> **Exercise directions**
Your copy should repeat the data that follows exactly and contain no image.

> **Extracted information**

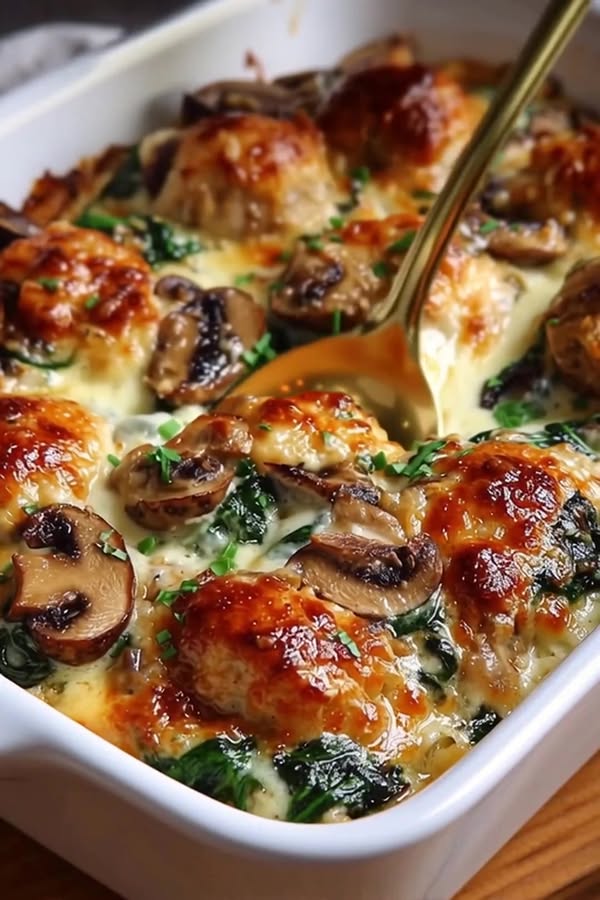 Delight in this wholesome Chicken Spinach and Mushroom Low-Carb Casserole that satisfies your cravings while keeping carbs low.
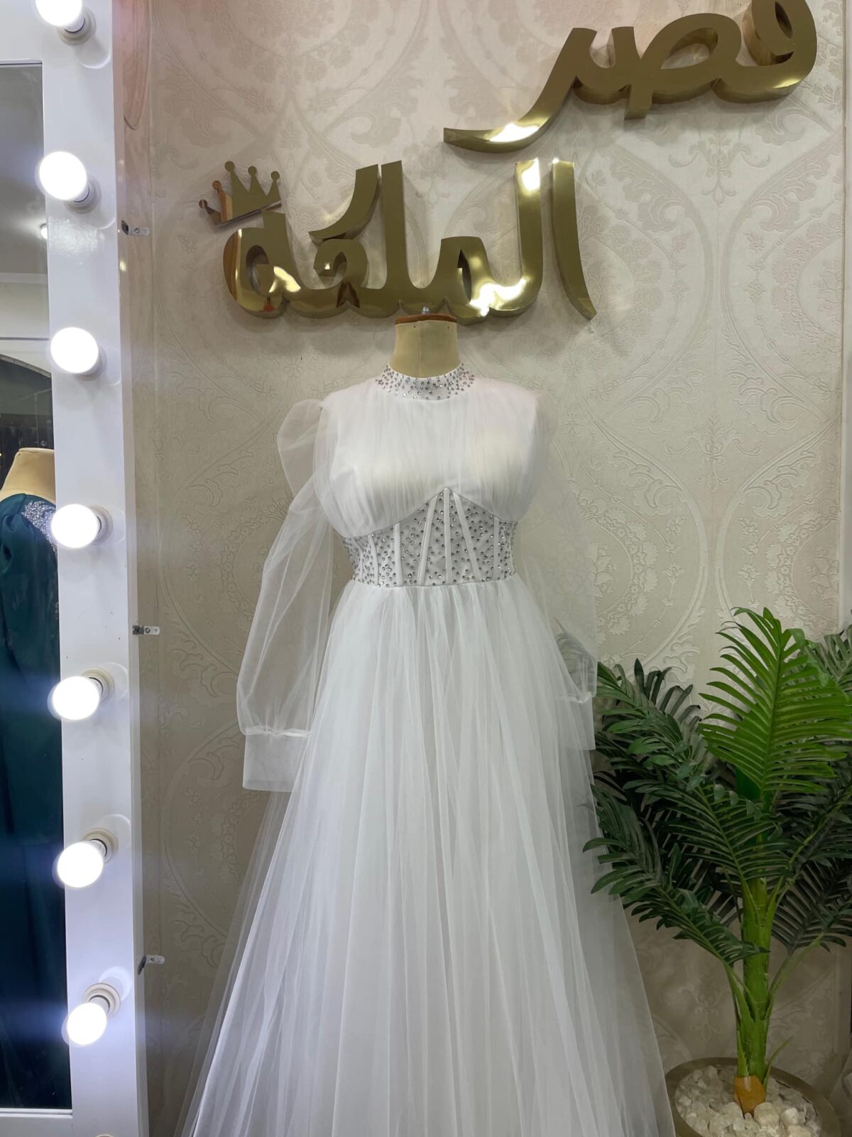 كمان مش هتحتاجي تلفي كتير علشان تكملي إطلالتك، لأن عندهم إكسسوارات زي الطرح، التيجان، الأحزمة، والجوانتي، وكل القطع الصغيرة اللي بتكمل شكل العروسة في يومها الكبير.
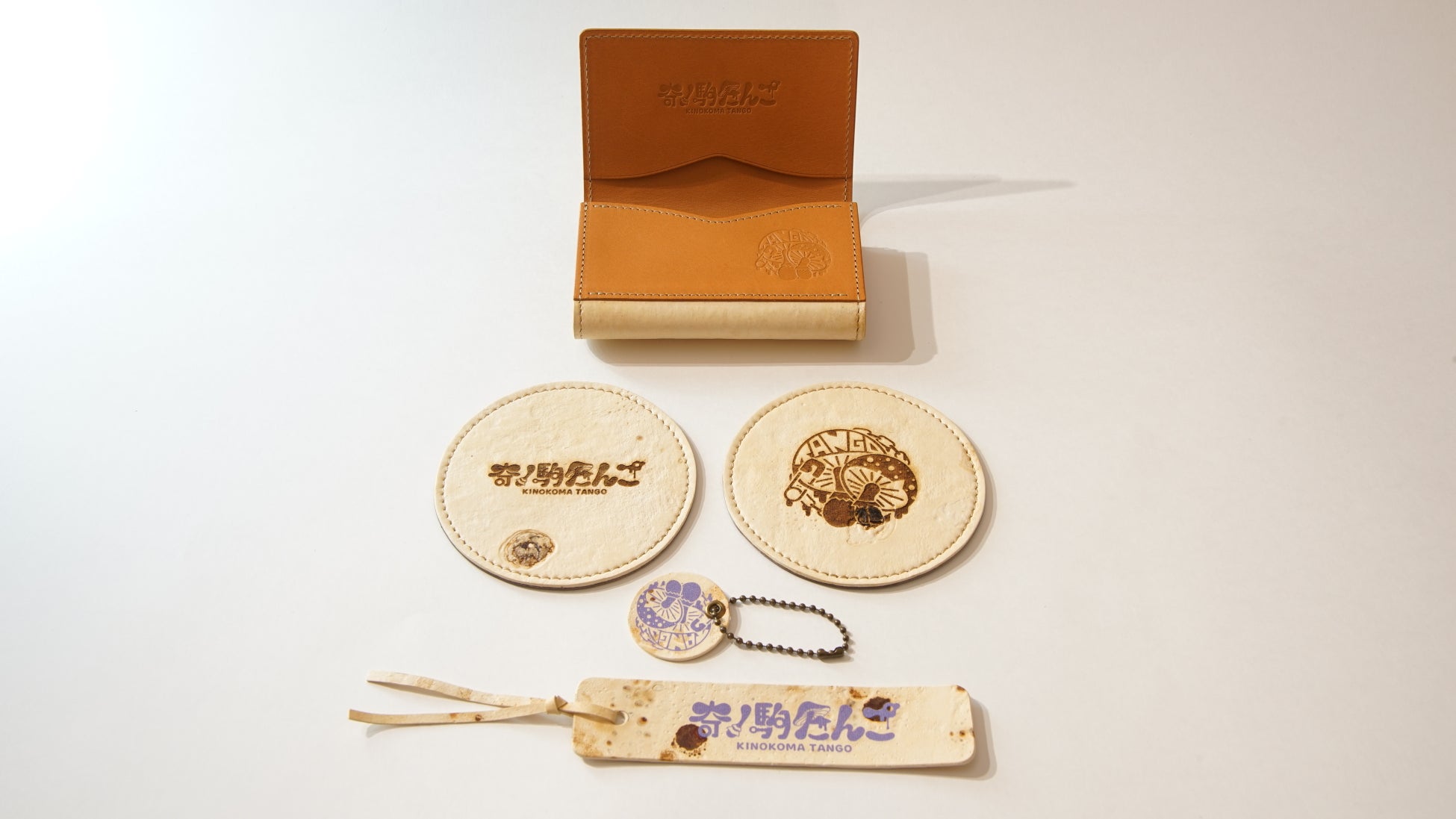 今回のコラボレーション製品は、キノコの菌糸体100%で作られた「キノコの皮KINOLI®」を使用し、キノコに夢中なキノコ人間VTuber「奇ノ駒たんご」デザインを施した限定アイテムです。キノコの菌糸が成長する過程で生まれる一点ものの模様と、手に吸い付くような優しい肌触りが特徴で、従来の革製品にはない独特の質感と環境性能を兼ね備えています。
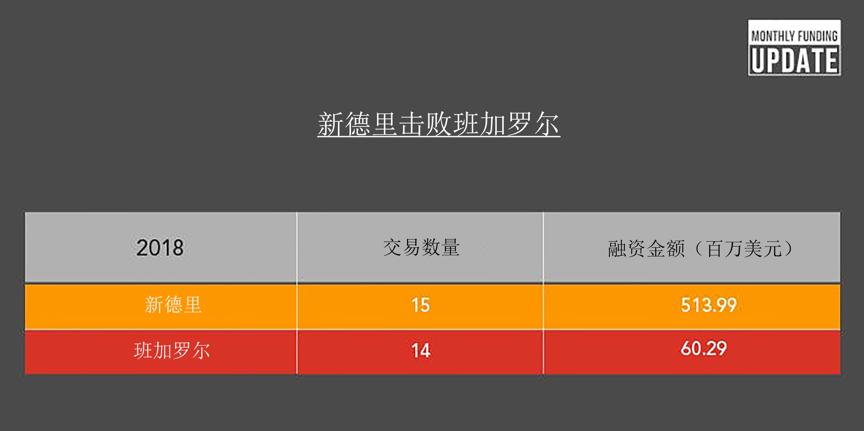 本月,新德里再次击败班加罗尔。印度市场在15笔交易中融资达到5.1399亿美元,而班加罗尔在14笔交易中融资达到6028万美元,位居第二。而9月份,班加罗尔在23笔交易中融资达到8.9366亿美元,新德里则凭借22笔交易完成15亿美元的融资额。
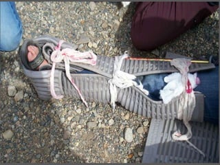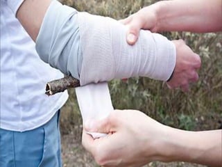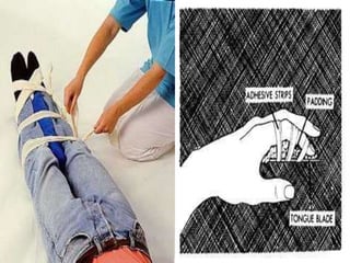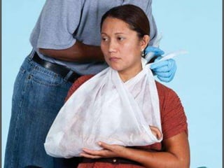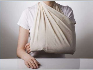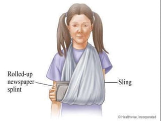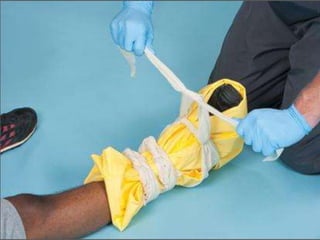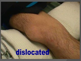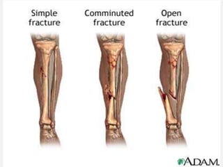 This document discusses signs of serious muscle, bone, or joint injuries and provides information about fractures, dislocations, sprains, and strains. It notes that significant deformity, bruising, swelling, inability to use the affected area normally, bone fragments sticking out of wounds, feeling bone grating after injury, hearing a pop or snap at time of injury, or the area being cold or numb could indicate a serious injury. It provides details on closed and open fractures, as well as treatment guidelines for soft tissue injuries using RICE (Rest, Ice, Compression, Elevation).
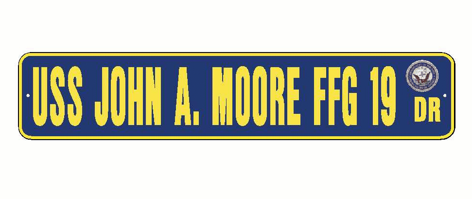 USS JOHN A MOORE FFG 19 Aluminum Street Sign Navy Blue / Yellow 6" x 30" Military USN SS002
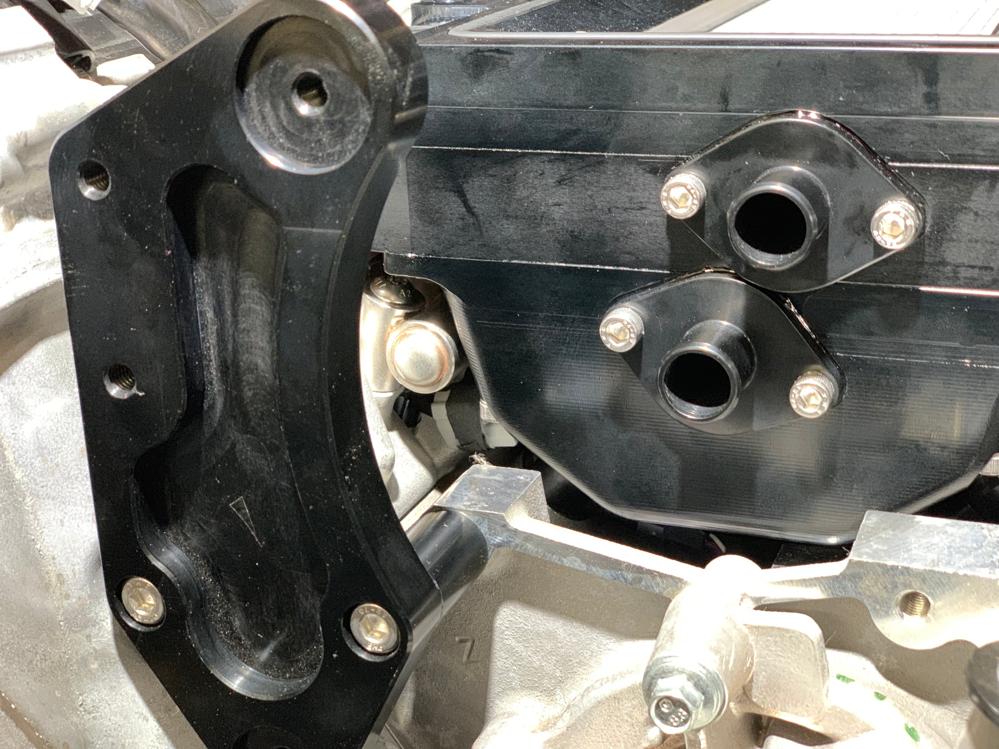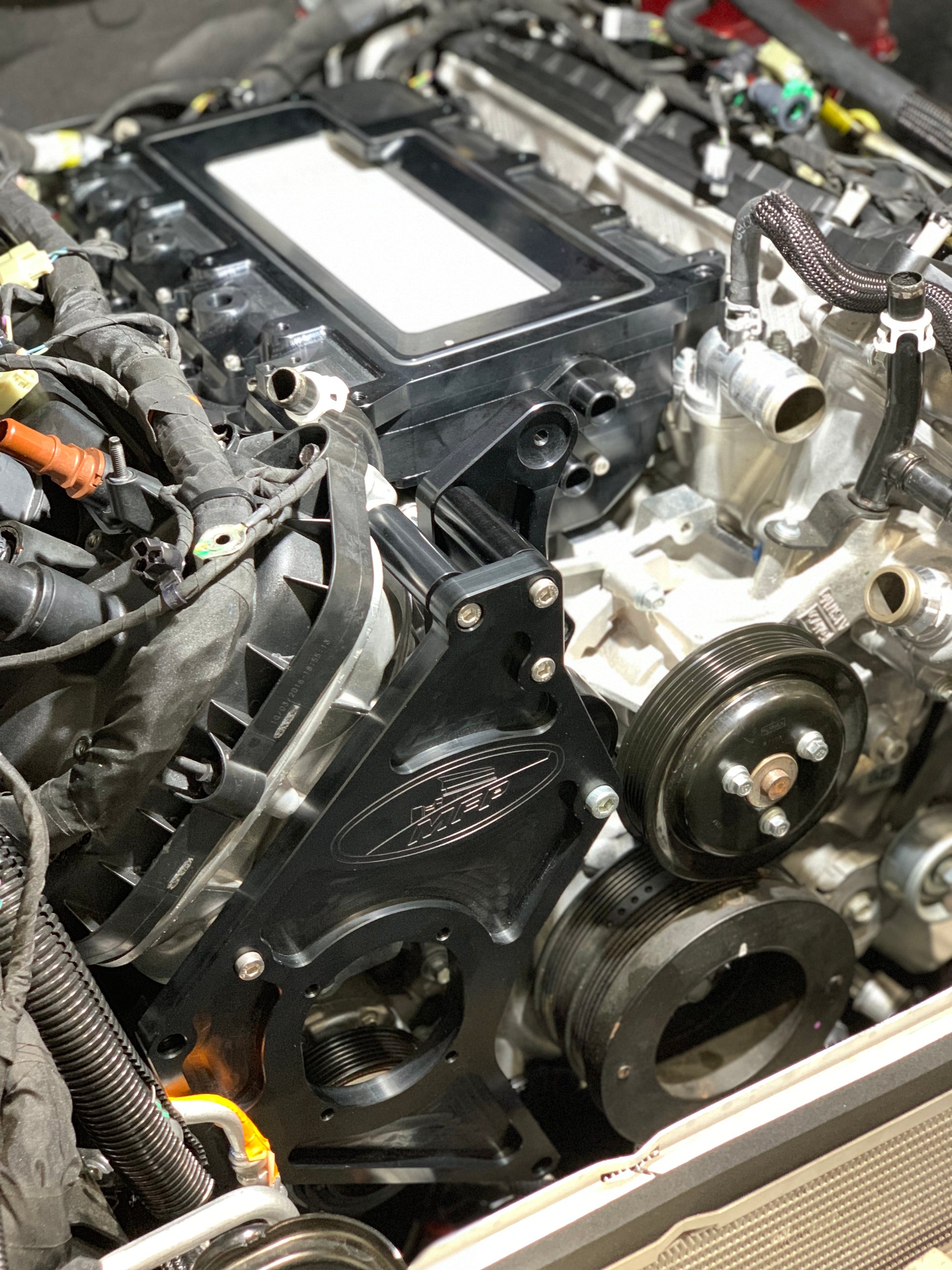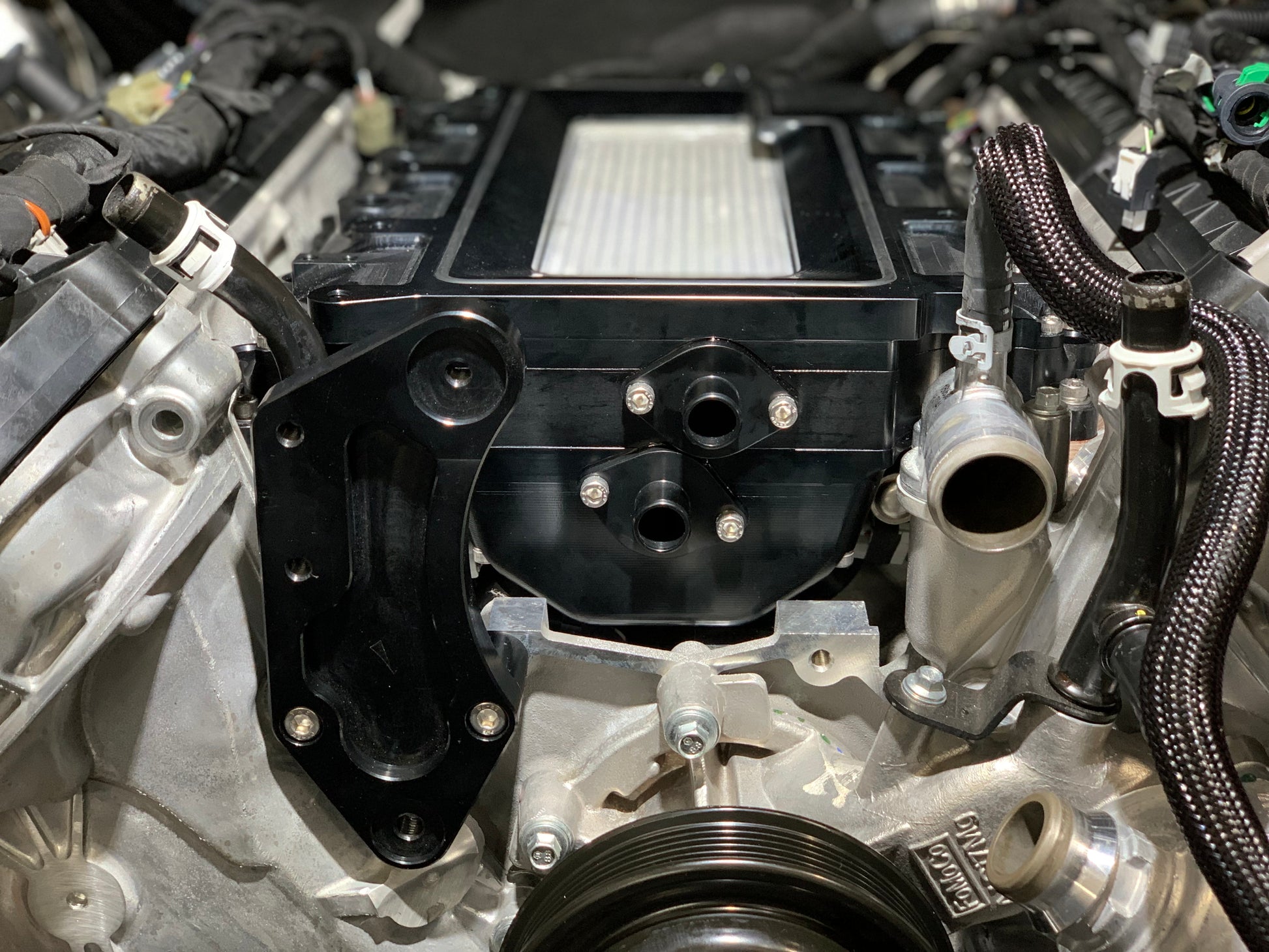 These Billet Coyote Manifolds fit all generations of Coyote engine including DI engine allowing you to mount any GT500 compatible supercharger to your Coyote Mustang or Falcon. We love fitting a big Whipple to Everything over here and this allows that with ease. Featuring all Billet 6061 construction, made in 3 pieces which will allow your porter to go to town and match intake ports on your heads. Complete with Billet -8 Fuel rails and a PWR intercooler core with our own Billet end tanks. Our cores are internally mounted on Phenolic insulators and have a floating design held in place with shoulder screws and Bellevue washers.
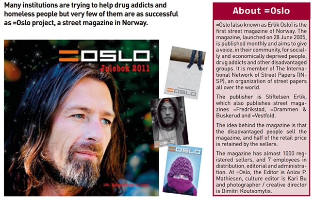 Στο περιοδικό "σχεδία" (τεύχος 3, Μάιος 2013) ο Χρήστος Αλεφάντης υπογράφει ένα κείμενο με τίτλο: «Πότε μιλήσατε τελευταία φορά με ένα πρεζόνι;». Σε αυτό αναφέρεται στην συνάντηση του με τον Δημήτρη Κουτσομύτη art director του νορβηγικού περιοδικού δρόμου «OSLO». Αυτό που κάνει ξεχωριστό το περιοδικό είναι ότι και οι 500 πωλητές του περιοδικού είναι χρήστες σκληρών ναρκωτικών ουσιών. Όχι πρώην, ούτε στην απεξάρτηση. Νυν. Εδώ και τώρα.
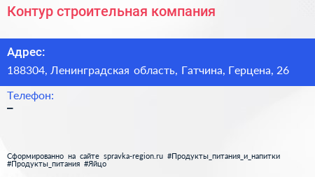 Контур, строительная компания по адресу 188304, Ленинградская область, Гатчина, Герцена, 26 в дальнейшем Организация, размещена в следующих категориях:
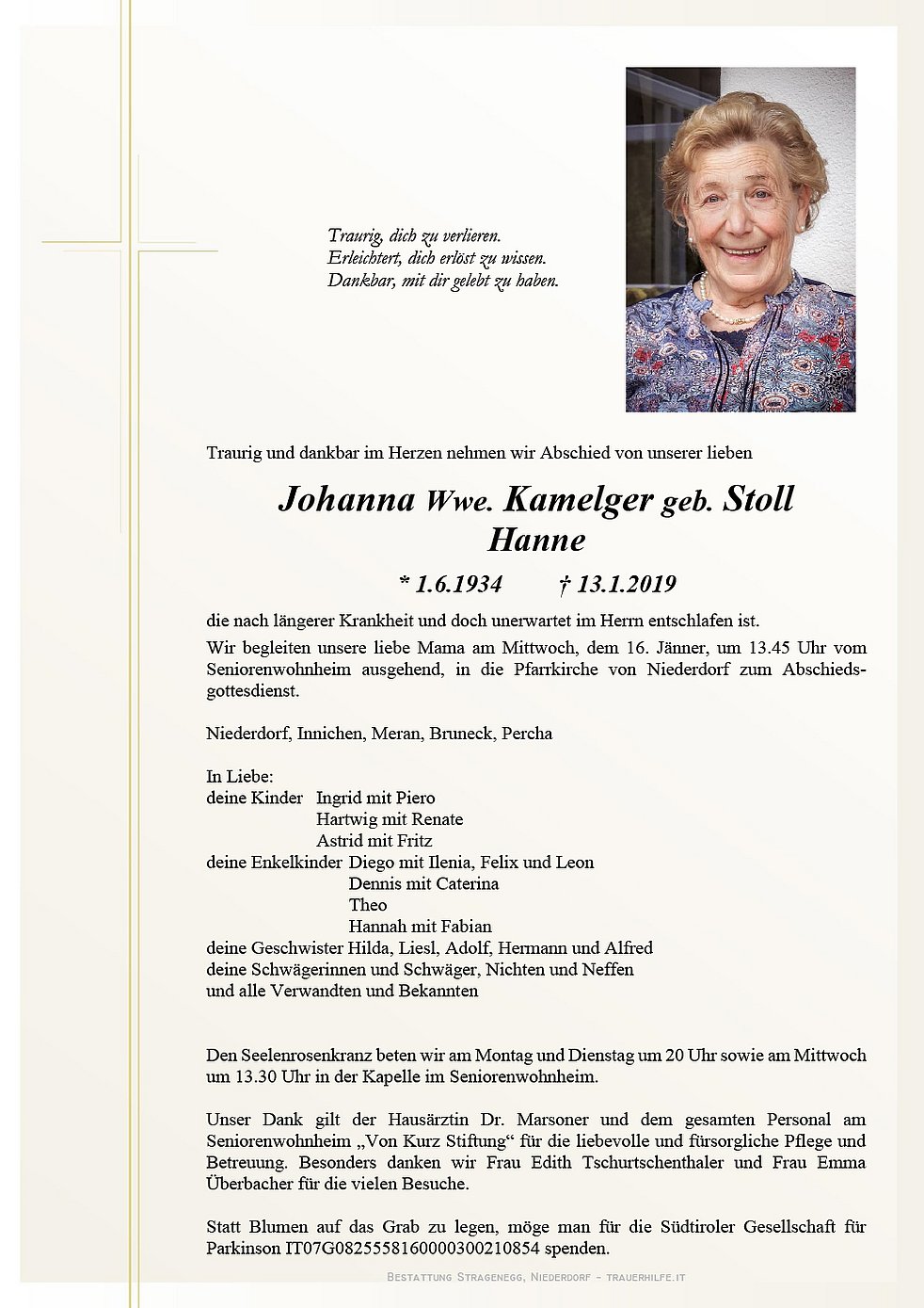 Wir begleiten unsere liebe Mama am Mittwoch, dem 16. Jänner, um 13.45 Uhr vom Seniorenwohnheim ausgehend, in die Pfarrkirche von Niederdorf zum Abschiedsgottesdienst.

> **Problem solution**
 Delight in this wholesome Chicken Spinach and Mushroom Low-Carb Casserole that satisfies your cravings while keeping carbs low.
 كمان مش هتحتاجي تلفي كتير علشان تكملي إطلالتك، لأن عندهم إكسسوارات زي الطرح، التيجان، الأحزمة، والجوانتي، وكل القطع الصغيرة اللي بتكمل شكل العروسة في يومها الكبير.
 今回のコラボレーション製品は、キノコの菌糸体100%で作られた「キノコの皮KINOLI®」を使用し、キノコに夢中なキノコ人間VTuber「奇ノ駒たんご」デザインを施した限定アイテムです。キノコの菌糸が成長する過程で生まれる一点ものの模様と、手に吸い付くような優しい肌触りが特徴で、従来の革製品にはない独特の質感と環境性能を兼ね備えています。
 本月,新德里再次击败班加罗尔。印度市场在15笔交易中融资达到5.1399亿美元,而班加罗尔在14笔交易中融资达到6028万美元,位居第二。而9月份,班加罗尔在23笔交易中融资达到8.9366亿美元,新德里则凭借22笔交易完成15亿美元的融资额。
 This document discusses signs of serious muscle, bone, or joint injuries and provides information about fractures, dislocations, sprains, and strains. It notes that significant deformity, bruising, swelling, inability to use the affected area normally, bone fragments sticking out of wounds, feeling bone grating after injury, hearing a pop or snap at time of injury, or the area being cold or numb could indicate a serious injury. It provides details on closed and open fractures, as well as treatment guidelines for soft tissue injuries using RICE (Rest, Ice, Compression, Elevation).
 USS JOHN A MOORE FFG 19 Aluminum Street Sign Navy Blue / Yellow 6" x 30" Military USN SS002
 These Billet Coyote Manifolds fit all generations of Coyote engine including DI engine allowing you to mount any GT500 compatible supercharger to your Coyote Mustang or Falcon. We love fitting a big Whipple to Everything over here and this allows that with ease. Featuring all Billet 6061 construction, made in 3 pieces which will allow your porter to go to town and match intake ports on your heads. Complete with Billet -8 Fuel rails and a PWR intercooler core with our own Billet end tanks. Our cores are internally mounted on Phenolic insulators and have a floating design held in place with shoulder screws and Bellevue washers.
 Στο περιοδικό "σχεδία" (τεύχος 3, Μάιος 2013) ο Χρήστος Αλεφάντης υπογράφει ένα κείμενο με τίτλο: «Πότε μιλήσατε τελευταία φορά με ένα πρεζόνι;». Σε αυτό αναφέρεται στην συνάντηση του με τον Δημήτρη Κουτσομύτη art director του νορβηγικού περιοδικού δρόμου «OSLO». Αυτό που κάνει ξεχωριστό το περιοδικό είναι ότι και οι 500 πωλητές του περιοδικού είναι χρήστες σκληρών ναρκωτικών ουσιών. Όχι πρώην, ούτε στην απεξάρτηση. Νυν. Εδώ και τώρα.
 Контур, строительная компания по адресу 188304, Ленинградская область, Гатчина, Герцена, 26 в дальнейшем Организация, размещена в следующих категориях:
 Wir begleiten unsere liebe Mama am Mittwoch, dem 16. Jänner, um 13.45 Uhr vom Seniorenwohnheim ausgehend, in die Pfarrkirche von Niederdorf zum Abschiedsgottesdienst.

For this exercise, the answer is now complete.